Tiyatro oyuncusu Mustafa Alabora, Özbeğen’in her türlü anılabileceğini vurgularken “Onu zekasıyla, şarkıcılığıyla, piyanistliğiyle hatta Bektaşiliğiyle anlatabiliriz. Bana göre Bektaşiydi. Annesi Ermeni, babası Türk’tü. Onun vefatı, Türkiye’de kardeşliğin ve dostluğun yeniden canlanmasını sağlar umarım,” dedi. Son gününe kadar yanında olan sanatçı dostu Fedon ise konuşmakta zorlanıyordu. Şunlar dökülebildi dudaklarından: “Ben belki 50 yıllık arkadaşı değilim ama 15 yıllık dostu oldum. Onun müzik kariyeri konusunda ahkam kesecek güçte değilim. Son kitabını aldım, adı 'Şöhret Dediğin'. Ama imzalatmaya vaktim olmadı. İşte şöhret dediğin… Ben bir ağabeyimi kaybettim. Burada bulunan her bir dostu bin arkadaşa bedeldir”.

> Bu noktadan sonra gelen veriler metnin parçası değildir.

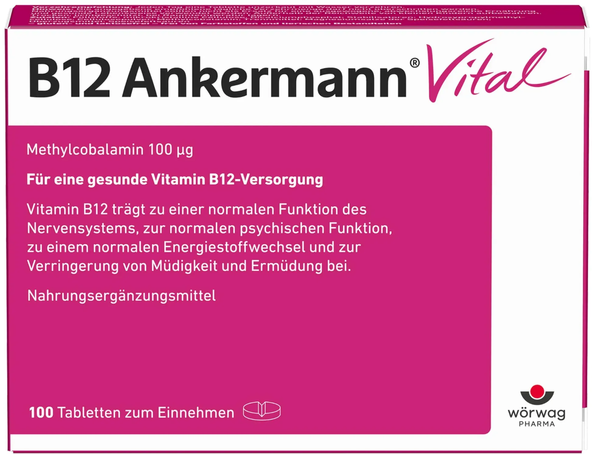 Zustand: Neu - 814,10 € / kg - Vitamin B12 Vitamin B12 Präparate - B12 Ankermann WÖRWAG Pharma GmbH & Co. KG - 11193781 - EAN: 4150111937811 - VITAMIN B12 trägt bei zur Verringerung von Müdigkeit und Ermüdung VEGAN: B12 Ankermann Vital ist frei von Farbstoffen, tierischen Bestandteilen und laktosefrei NAHRUNG ERGÄNZEN: B12 Ankermann Vital versorgt den Körper mit Energie * NUR 1x TÄGLICH Vitamin B12 Tablette einnehmen und Geist und Nerven fit halten * Nahrungsergänzungsmittel aus der Apotheke (PZN-11193781). (*Vitamin B12 trägt zu einem normalen Energiestoffwechsel, zur Verringerung von Müdigkeit und Ermüdung, zur normalen psychischen Funktion und zu einer normalen Funktion des Nervensystems bei.) - Verkäufer: esando im amazon.de Marketplace ![]() ![]() B12 Ankermann® Vital: Deine B12-Quelle. Ideal für Veganer, 100 Stück

Konuşma yapan bir diğer dost, Özbeğen’in hayat hikayesini kaleme alan yazar Ali Rıza Türker’di. Türker, konuşmasına Özbeğen’in bir ekol olduğunu söyleyerek başladı ve “Ülkemizde bir kitle sanatçısı olan Ferdi Özbeğen kitap olmuş bir hayatı bana armağan etti," dedi. Sanatçı Coşkun Sabah ise "Annemi kaybettiğim zaman annemin tabutunu uçaktan çıkardığımda yanımda Ferdi Özbeğen vardı. Çok çok üzüntülüyüm. Hepimizin başı sağ olsun. O büyük bir insandı," yorumunu yaptı.

Konuşmalardan sonra gerçekleşen saygı geçişinin ardından, Özbeğen’in cenazesi, Levent’teki Afet Yolal Camii’ne götürülmek üzere yola çıktı. Öğle namazına müteakip kılınan cenaze namazına, Mustafa Alabora, Orhan Gencebay, Selami Şahin, Sezen Aksu, Nil Burak, Ümit Besen, İzzet Öz, Ali Poyrazoğlu, Oya Aydoğan, Hakan Ural, Nuri Sesigüzel, Şahin Özer, Ali ve Aysun Kocatepe, Haluk Ulusoy, Mehmet Sevigen, Hakan Peker, Deniz Seki, Hatice Aslan, İzzet Çapa, Sinan Özen’in de aralarında bulunduğu isimler katıldı. Özbeğen’in cenazesi alkışlarla cami avlusundan çıkarıldıktan sonra, Ulus Mezarlığı’na defnedildi.

"Piyanistler arasında bir numaraydı"

*Selami Şahin: Böyle bir insanın yeri dolmaz. Bizim dostluğumuz tam 45 sene. Çocukluk yıllarımızda ne anılarımız var. O bir ilktir, ilkler unutulmaz. Piyanoyla albüm yapan, o modeli ilk başlatan Ferdi Özbeğen’dir. Allah’tan rahmet diliyorum, mekanı cennet olsun…

*Nil Burak: O benim canım, çok eski arkadaşımdı. Dile kolay 35 sene… Aynı plak şirketinin sanatçılarıydık. Turnelere gittik, fuarlarda çalıştık, tatiller yaptık. Bir gün olsun beni kırmadı. Biz onunla son anına kadar hep konuştuk. Morali iyiydi, kimse ölmek istemez ki… Büyük bir değeri yitirdik.

*Hakan Ural: Ferdi benim çok eski dostumdu. Bu meslekte, piyanist sanatçılar arasında benim bir numaramdır.Hastalığı süresince büyük mücadele verdi ama olmadı… Arzu ederdim ki daha çok ilgilenilsin. Çünkü Ferdi yalnız bir insandı.